The reason any of this matters is the gap. v1.4 cross-referenced 36,711 DPWH flood-control projects (₱1.74 trillion in allocated value, from the BetterGovPH CC0 dataset) against Track B’s recurrence layer and Track A’s observed extent, aggregate-only by province. v1.5 added four read paths over the same set: dated observed water at recorded project locations (bounded to Carina 2024, the only dated observed extent), province-level confidence honesty (the share of allocation resolved only by province-text fallback because the project carried no usable coordinate), curated and individually cited COA cross-references (the row count is the signal; per-project tagging requires a confident description match), and coarse Sentinel-1 built-change corroboration at the recorded coordinate.

A reported gap is not a finding of project failure.
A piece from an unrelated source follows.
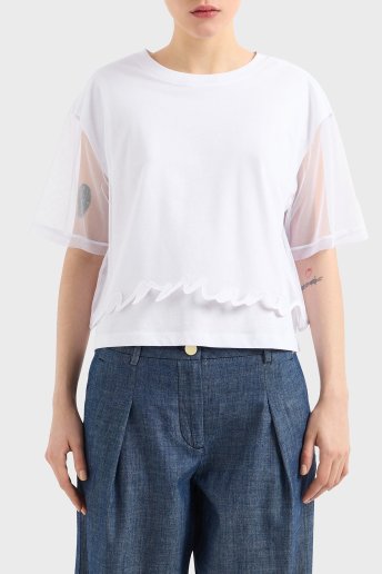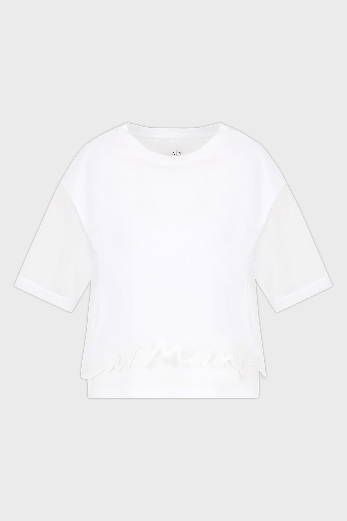 Armani Exchage % 100 Pamuk Regular Fit Tül Detaylı Crop Bayan T Shirt XW000541 AF10359 U0002 BEYAZ
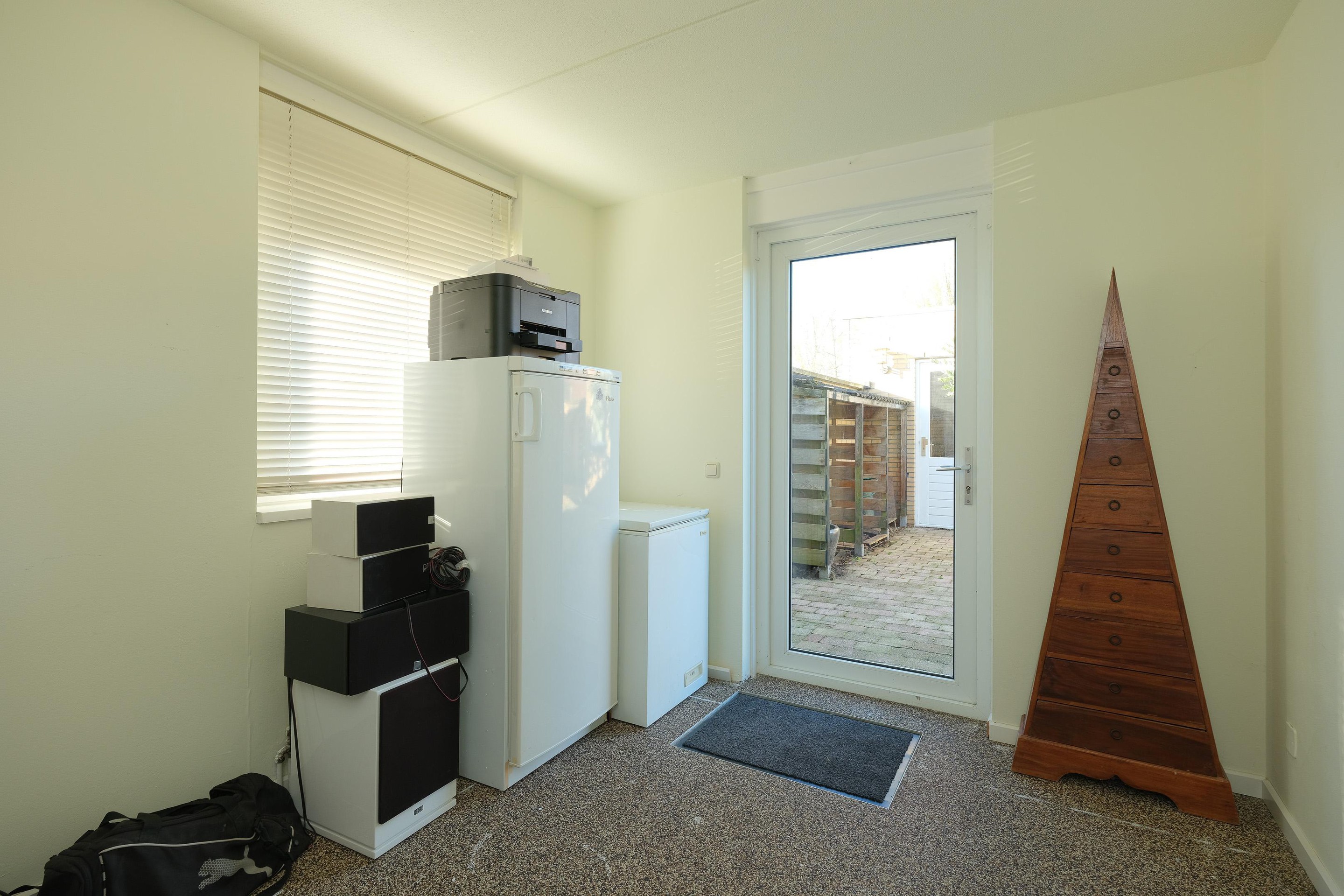 Vanuit de hal is ook de extra woonruimte te bereiken: een extra woon/-werk/ slaapkamer, gelegen aan de voorzijde met eigen badkamer welke is voorzien van volledige betegeling, een douche, toilet en wastafel. Aan de achterzijde is nog een woon/werk kamer gerealiseerd met toegang tot de tuin. Prima te gebruiken als hobbykamer of “eigen” ruimte voor een wat ouder kind die zich af en toe terug wil trekken. De gehele begane grond is voorzien van een epoxy grindvloer. De begane grond beslaat in totaal ca. 85 m2 woonoppervlakte.

The recorded coordinate itself may be wrong. The published surface is province-level. Named-project detail is available only by direct id lookup. Every analytics surface carries the public-records disclaimer.

What it is not

Not a real-time warning system and not a forecast. Sentinel-1 has a roughly 6-day revisit (Sentinel-1A plus Sentinel-1C, restored around May 2025) with about 24 hours of product latency. Every observed-pass layer and slider frame is a real past acquisition labeled with its as-of date. The rainfall layer (GPM IMERG over the modeled-prone areas) is dated context, not a prediction. The /lookup returns dated evidence and never says an area will or will not flood. For warnings and live conditions, use PAGASA, MMDA Flood Control, and your LGU DRRM office.

Not a substitute for the official hazard maps. UP NOAH, Project NOAH, PAGASA, MGB, and Google Flood Hub are the authoritative instruments. floodwatch-ph is an independent, reproducible observation of where water actually was, and a model of where it recurs. It is complementary, never a replacement.

Not address-level. Exposure is aggregated to province. No household geometry. No per-dwelling flood status. No PII.

All data sourced from public satellite archives and public records. floodwatch-ph computes statistical and observational indicators only. Specific allegations, if any, require independent investigation and corroboration.

Repo: github.com/xmpuspus/floodwatch-ph. DOI: 10.5281/zenodo.20218731.